I do agree that complaining doesnt help much. But as easy as it is to submit news here as hard is it to get them to show it. Unless ofcause you submit something about everyones favorite toy atm…
Mom can I eat another uburguer ?
hey…there is another in Submit News” – The Perfect Desktop – Ubuntu 7.04 Feisty Fawn.
Mom tell me this is not true!!!
I see many ubuntu haters here. Why? because its got popular and rivals all distro’s in popularity?
shockingly even some ubuntu users too are hating ubuntunews.
Is this something to do with threat brought by ubuntu on privileged user using a leet linux distro that not many win users know? if thats the reason then simply ignore all ubuntu posts on internet and stop trolling. if you think this is ubuntu’s popularity at its best, then thing again. after a year it will be ten times more.
“Posting from windows xp media center edition, almost Full time Linux user who has Opensuse 10.2 installed on dual boot but suggests Ubuntu to new linux users”

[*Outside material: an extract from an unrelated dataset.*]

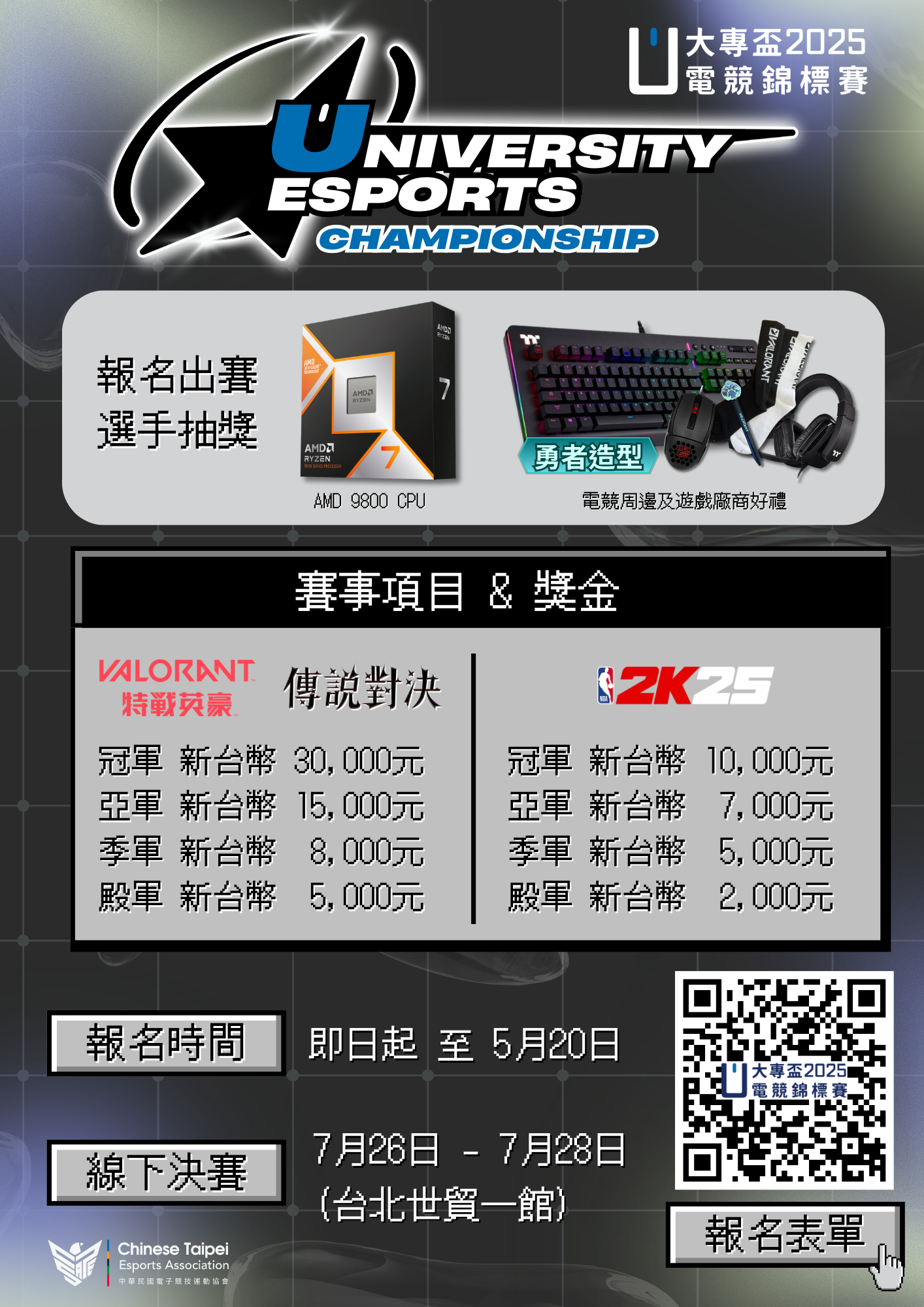 (四)賽事項目: NBA 2K25(個人)、傳說對決(團體)、特戰英豪(團體)。
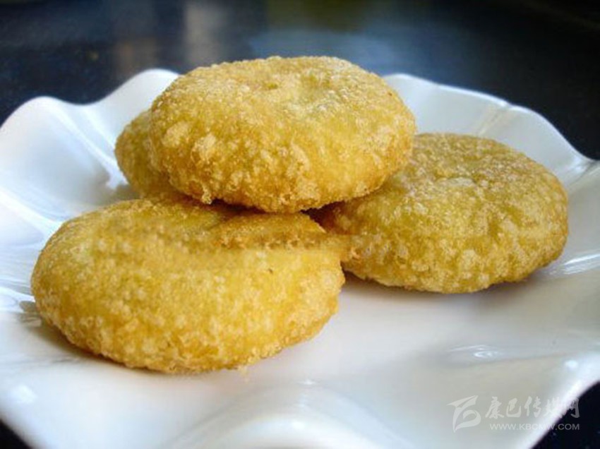3.包餡成型:用皮坯包上餡心,收好口,再用手把餅坯做成邊沿較厚、中間稍薄的氈帽狀即成餅坯。4.炸制:把菜油燒成七成熟,將餅坯從鍋邊滑入鍋內(nèi)炸至色澤金黃,皮酥即成。產(chǎn)品特點(diǎn) 皮酥脆,內(nèi)軟糯,香甜爽口。

I think you’re not getting the picture either. News about Ubuntu ? Ok. This one, and many other ones are not “news”, not even close to it, just writings for newbies at most. And there are heck of a lot of them. And no, we wouldn’t have trouble if they were kept on http://www.ubuntunews.info/ and such, but they somehow keep landing here
When I have some minutes/hour to spare and take a round on the sites I usually visit and see such useless crap, well, that usually ends in me not visiting since it’s a waste of time. Now hopefully you get my picture
I love tips and tricks articles that deal with linux and or unix in general.Arguably ubuntu is what most beginning linux users seem to favor.So it’s not that awkward seeing the name ubuntu popup every now and then.
Instead of a hostile position against any article to many one should consider in my opinion it’s still a linux distribution.And if ubuntu brings more people to the wonderfull rich land of Open Source so be it.